Monday, November 16, 2015

The Benefits of Couples' Therapy - Even if You Get Divorced

We first sought out a couples' therapist when our daughter, now 18, was an infant. We were unhappy, our marriage lacked intimacy and we were worried about our prospects. Of course, many parents of newborns are unhappy -- they're sleep-deprived, their futures are filled with inherent uncertainty and they have little time to think about anything other than diapers, feedings and more diapers.

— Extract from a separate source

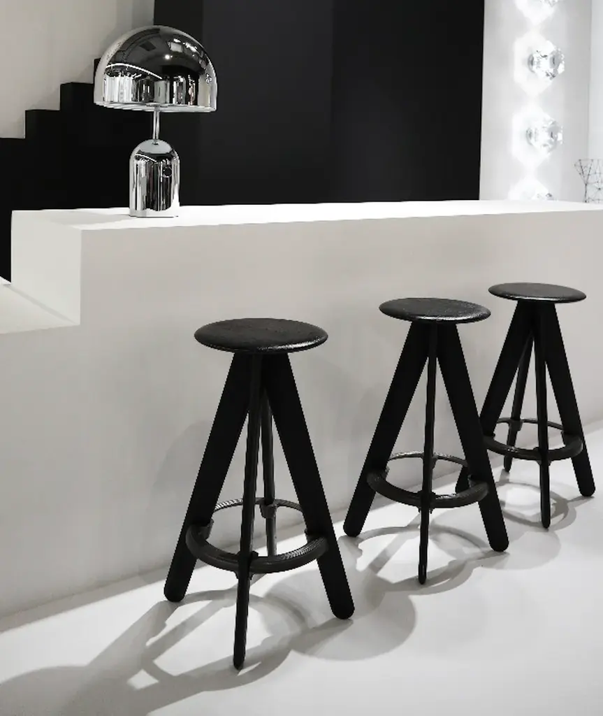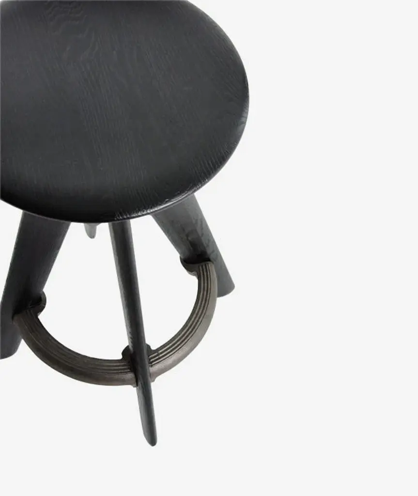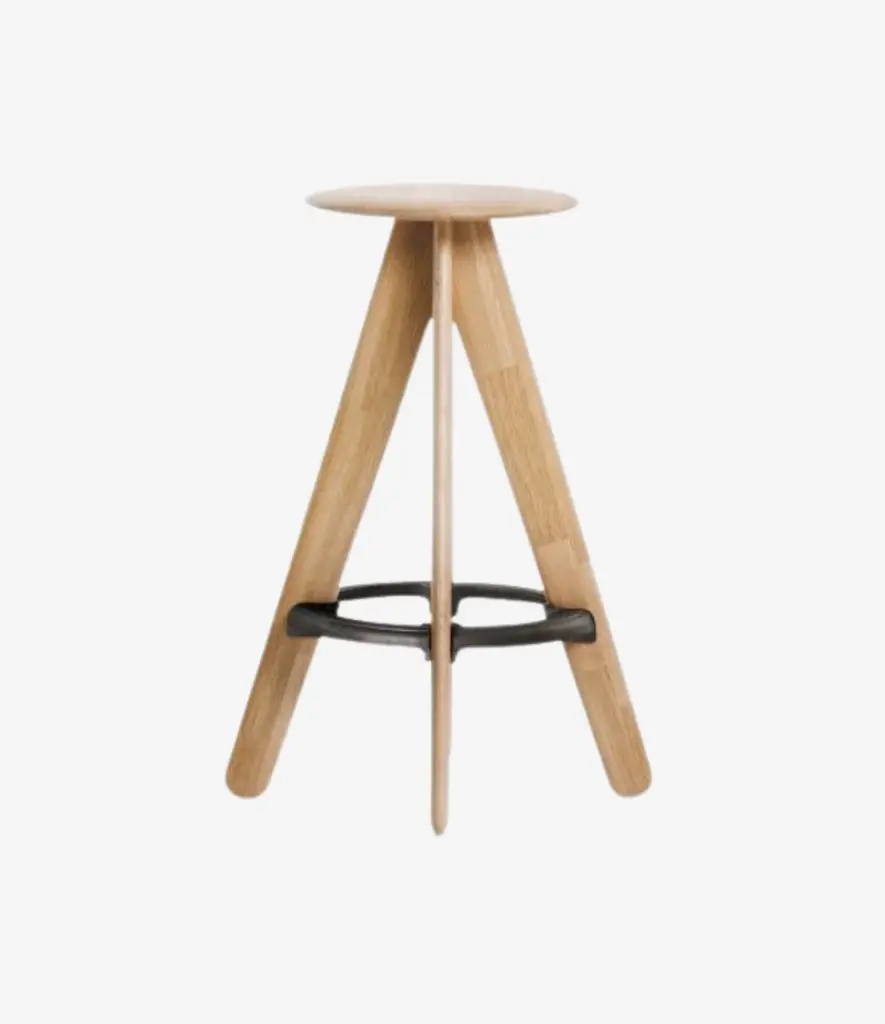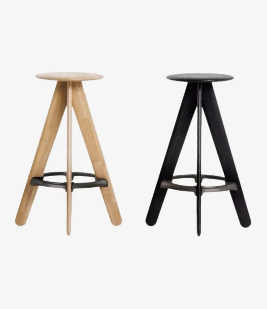 Celebrating the natural beauty of oak, Slab Bar Stool is a robust piece constructed in angular forms of inviting simplicity. The surface is deeply brushed to expose the grain of the natural oak. The Slab Bar Stool comes with a cast iron foot ring and is available in natural or in a black lacquered finish. The collection includes a dining chair and table.

But we knew something deeper was amiss. We were both graduate students at the time, so we went to counseling services at our university. Our first therapist was a nice guy, and he was clearly determined to keep us together. That is not so unusual or necessarily a bad thing. We didn't present with the kinds of problems indicating a need to separate right away. There was no physical or verbal abuse, for example. We didn't hate one another, and we were not yet ready to admit that we were not in love. But when we talked about what was bothering us, our therapist had the habit of reframing our problems as less serious than we perceived them. In so doing, he committed perhaps the cardinal sin for a therapist -- trying to talk us out of our feelings. For example, when we talked about not having any sexual attraction for one another, our therapist said, "lots of people become less interested in sex as they get older." We were in our early 30s and had been married for fewer than two years. We had not lost interest in sex. But we spent more time trying to explain ourselves and then questioning his agenda than we did dealing with the real problem, which was that weren't interested in each other.
Our therapist thought we had merely lost something that had once enlivened our relationship. He gave us "exercises" designed to help us connect physically and communicate better about our wants and needs. Of course, many couples who once had a vibrant sex life become less attracted to one another over time. Or, they put physical intimacy on the back burner because of the exhausting details of everyday life, work, and parenthood. But by the time we went to therapy, we knew we didn't click in that way and perhaps never really had.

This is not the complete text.